Pulse Community Insights

3 things you should be doing for ransomware prevention


September 27, 2021
min read
Ransomware prevention

Ransomware is one of the most discussed topics in the Pulse community. We asked one of our Pulse community members to provide his input on what organizations should be doing to prevent ransomware attacks.

Ransomware is one of the most discussed topics in the Pulse community. Over the last few months, we’ve seen an increase of questions and Quick Polls from Directors, VPs, and CxOs primarily in the healthcare, finance, and IT industries seeking advice from their peers on ransomware prevention methods. We asked one of our Pulse community members, Mark Thiele—who is the CEO of Edgevana—to provide his input on what organizations should be doing to prevent ransomware attacks.

Ransomware prevention tip #1: Regular training

First, Mark suggests implementing regular, mandatory training for employees across all levels of the organization on the risks associated with social engineering and fraudulent emails. A Quick Poll in our Pulse community shows that 55% of other technology leaders agree that employee education is the most critical step in preventing ransomware. Although this is a common practice, enforcing regular cybersecurity and ransomware awareness training is often not done the right way. How do you get employees to care about this type of security training?

Mark comments, “Leadership has to effectively convey the importance of maintaining security vigilance.
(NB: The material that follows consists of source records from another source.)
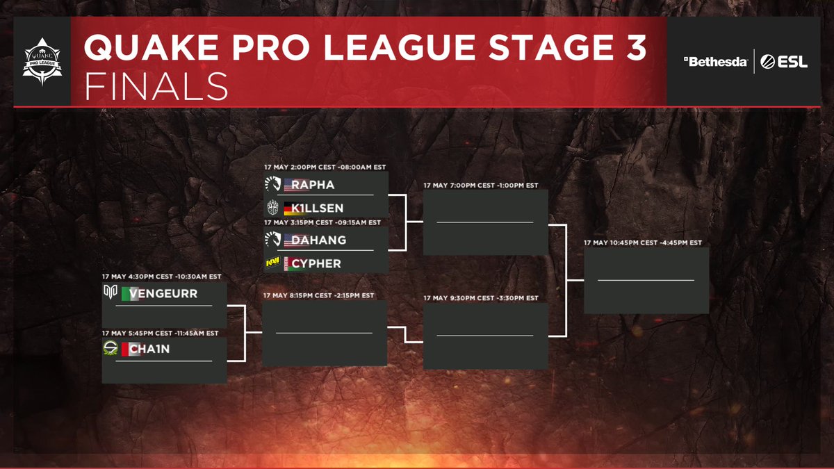 cYpheR, так как на турнире остались лучшие игроки третьей стадии Quake Pro League. Но мы уверены, что Алексей как следует подготовился к испытанию и покажет первоклассную стрельбу! #navination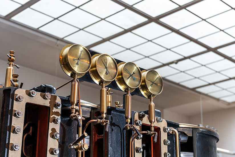 Nur eine Maschine war nie in einer Fabrik im Einsatz: Es ist die Watt'sche Dampfmaschine, die erst im frühen 20. Jahrhundert für das Deutsche Museum nachgebaut wurde. Das Original war zur Zeit der Museumsgründung schon seit über 40 Jahren im South Kensington Museum. Dafür zeigt unser Exemplar so ziemlich alles, was bei Boulton & Watt im Lauf der Zeit sonst noch für die Dampfmaschine entwickelt wurde. Zum Beispiel ein sogenannter Indikator, der erstmals die wechselnden Druckverhältnisse im Zylinder aufzeichnen konnte und somit der Urahn aller Sensoren im Inneren von Maschinen ist.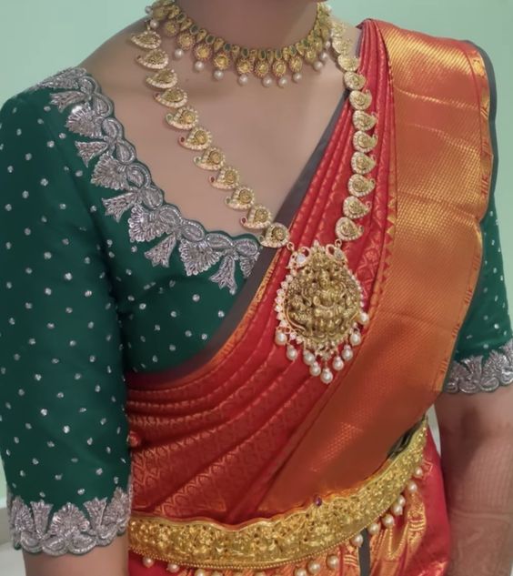 - Color / Design – Bottle Green Color Thread Stone Work Design

If security is mentioned in onboarding training or maybe through a quarterly test email, then it will get the level of attention the employee thinks the business is giving it, which is not much. Create a top-down approach to how security is adopted and how the importance of it applies to building revenue, protecting the future, creating/saving jobs, and having the C-Suite directly involved.”

Ransomware prevention tip #2: Recovery plan

Next, Mark suggests ensuring that IT has a business recovery or continuity plan, which includes two broad areas: data recovery and environment.

Data recovery

In a recent poll, 83% of respondents stated their organization will likely be implementing a ransomware remediation plan over the next year. Mark emphasizes the importance of using best practices for backup retention and protection against ransomware, such as using encrypted and multi-version data backup, along with regular testing. He also stresses another common yet major security flaw: backups should not be kept on a network that could be shared with other possibly compromised networks.
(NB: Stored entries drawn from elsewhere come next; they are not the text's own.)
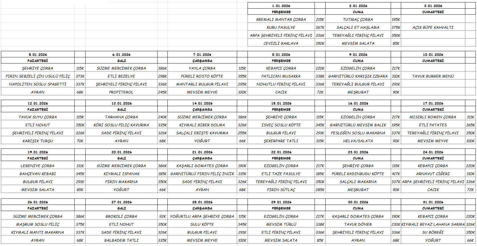 Safir Catering Ocak Ayı 2026 Yemek Listesi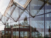 Ved Rådhuspladsen har Industriens hus ligget i mere end hundrede år, siden 1979 i en bygning af arkitekt Erik Møller, karakteriseret af en mørk teglstensfacade og store lysreklamer for foreningens medlemmer. Tegnestuen Transform har tegnet den omfattende ombygning af Erik Møllers hus, som blev indviet i 2013. I den nye bygning har man valgt at bryde den tunge teglfacade ned, og erstatte den med en glasfacade, monteret i spinkle rombeformede metalrammer. I stedet for fuldstændig at fjerne hele det eksisterende hus, har man lavet en stripning af bygningens forreste del, hvor alt undtagen betonkonstruktionen er pillet ud. Derefter er søjlerne i de nederste etager blevet forstærket og der er bygget to til tre etager ekstra på, så huset har en samlet højde på otte etager. Ved Rådhuspladsen er den indre facade trukket tilbage , så der opstår en høj foyer ved bygningens hovedindgang. På bygningens bagside ind mod Tivoli har man adderet en bygningsfløj, med terasseanlæg på tagene, som trapper ned fra 8 sal til 2 sals højde. Den nye facadebestår af to lag. En indre isoleret konstruktion med store vinduespartier og den ydre glasskærm som, beskytter mod vind og vejr og skærmer for støj fra gaderne. Rammerne i facaden har indlagt LED-belysning, som kan programmeres til at vise forskellige farver og mønstre.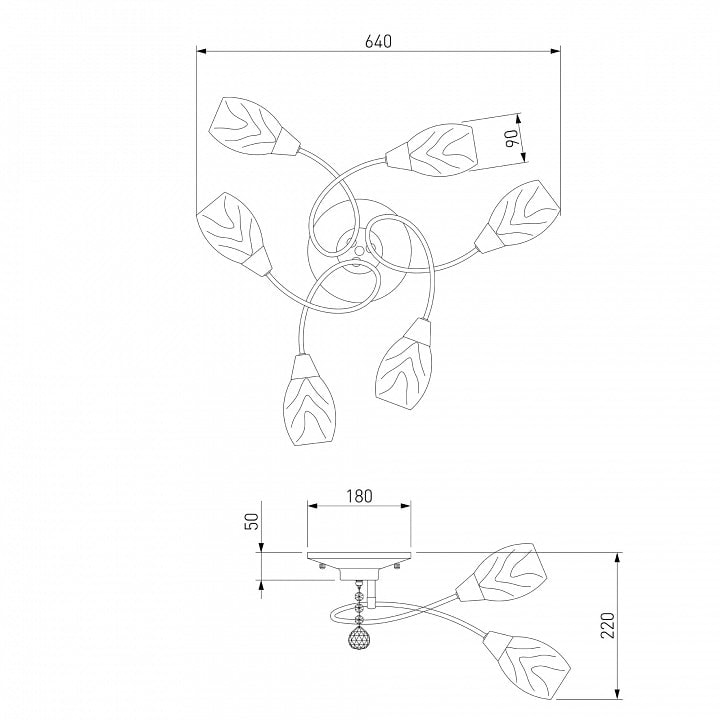 Люстра выполнена в современном стиле, что делает её универсальным элементом декора, подходящим для различных интерьеров. С шестью плафонами, направленными в стороны, она обеспечивает равномерное освещение и создает уютную атмосферу в помещении. Плафоны имеют объемную овальную форму, что добавляет изысканности и оригинальности.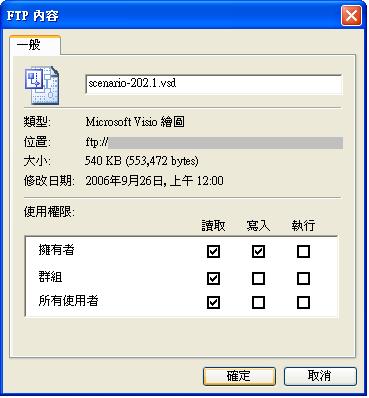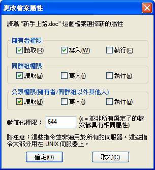 此外,由於FTP管理者ftpmgmt帳號的權限特殊,使用此帳號所傳輸到FTP上的任何檔案之於其他帳號而言,都會有權限方面的問題,如欲使其他帳號也能瀏覽並使用此帳號所上傳的檔案,便必須在FTP上做更改檔案屬性的動作,才能讓其他帳號的使用者順利瀏覽與下載。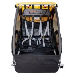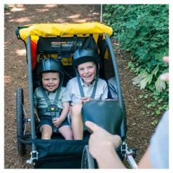 Snap your two little ones into this Burley® Bee Bike Trailer to go on adventures all around the neighborhood. The bike trailer features stability to keep it upright even if your bike takes a tumble. Your toddlers and young children will be secured with a five-point harness system with adjustable straps for a perfect fit.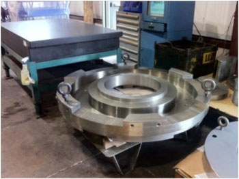 After the successful installation of the first bearing in 2006, the utility issued an order for the remaining six sets in 2011. We received the used parts from the third set, and have scheduled the subsequent sets to be retrofitted every six to nine months. For each set, the customer will send us the existing housing, cooling bundle, spring bed bearing and thrust runner. We will evaluate and repair the thrust blocks and their runners, clean and paint the housings, and repair or replace the cooling bundles. We will also make new 56" KBV-style thrust bearings, complete with high pressure lifts, to replace the original bearings. The revamped assemblies will be shipped to the site, and if necessary, we will provide field service technicians to supervise the installation.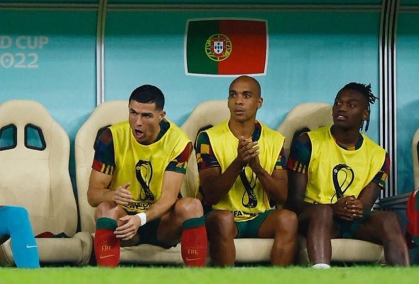 El jugador estrella Cirstiano Ronaldo, quien no fue titular en los octavos de final, continúa en el banco de suplentes mientras celebra el triunfo de su equipo tras cada gol, como el que anotó Pepe en el primer tiempo.
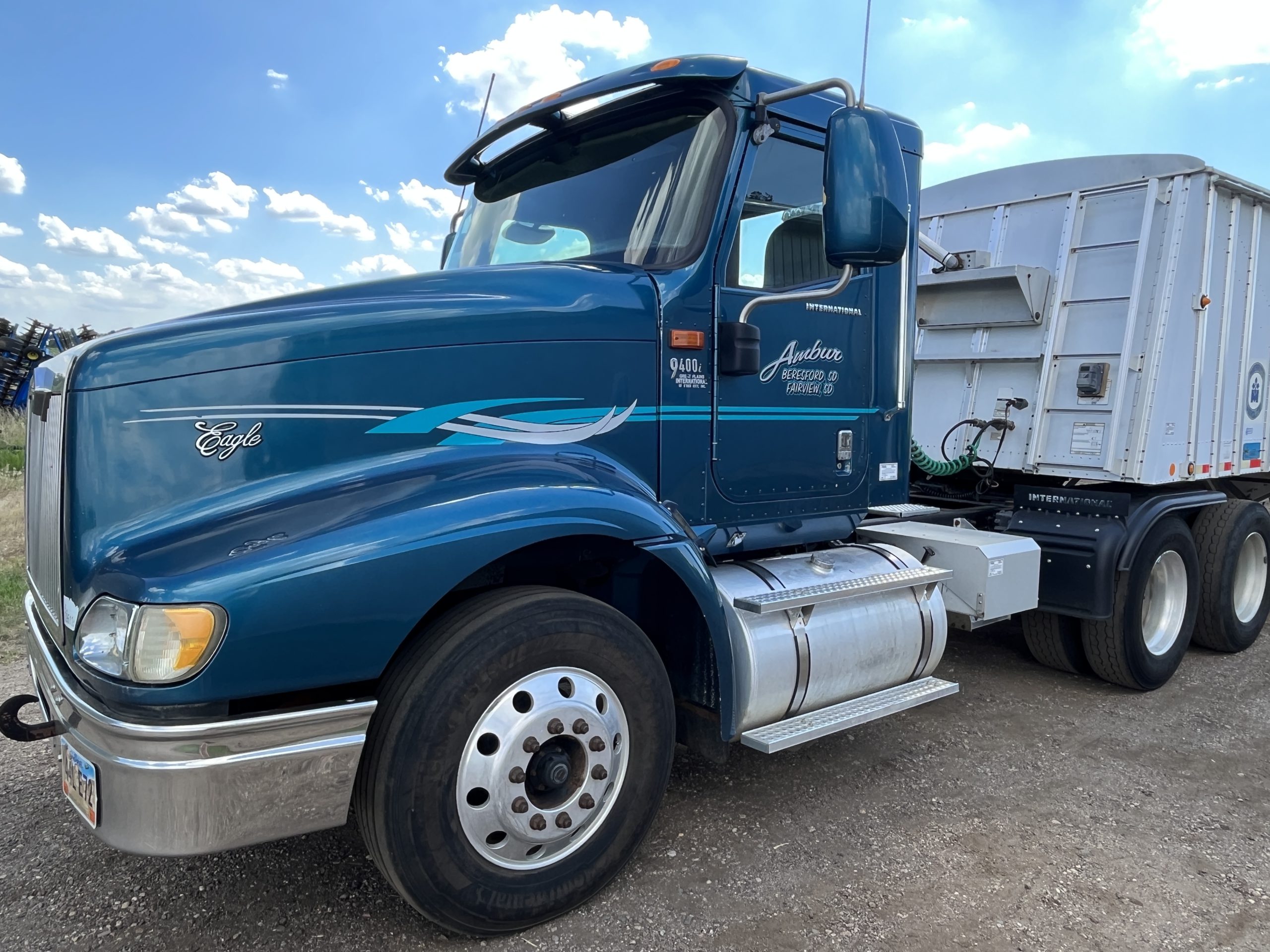 Semi-Trucks/Trailers: 2005 IH 9400I semi, 740,120 miles, ISX Cummins, 3 pedal auto, AC, 234’’WB; 2001 Volvo semi, N14 engine, 748,958 miles, 3 pedal auto, new steer tires, new front axle rear tires, AC; 2012 Dakota 38’ aluminum grain trailer, 24.5 tires, electric tarp, spring ride; 2004 Merrit 38’ grain trailer, aluminum, electric tarp/traps, spring ride; 16′ bumper hitch trailer.

Determine how quickly and effectively data can be recovered in an environment (i.e., an application on servers with a single client or hundreds of clients).

💬 What’s more important: ransomware solutions or data recovery?
Coincidentally, there’s an ongoing discussion in the Pulse community about whether organizations should focus on ransomware solutions or data recovery, and the respondents’ opinions are divided on the issue. If you’d like to share your opinion on this topic, we’d love to hear from you. Sign in to Pulse and add to the discussion.

Ransomware prevention tip #3: “Destroy and replace” protocols

Although this method might not be the best long-term solution to ransomware prevention, Mark proposes developing a “destroy and replace” protocol and process for all environments. This means that everything within an environment should be destroyed: networks, servers, identity, client, images, and more.

Unfortunately, it doesn’t seem like we’ll see an end to ransomware attacks, which means ransomware prevention is going to continue to be a hot topic over the foreseeable future.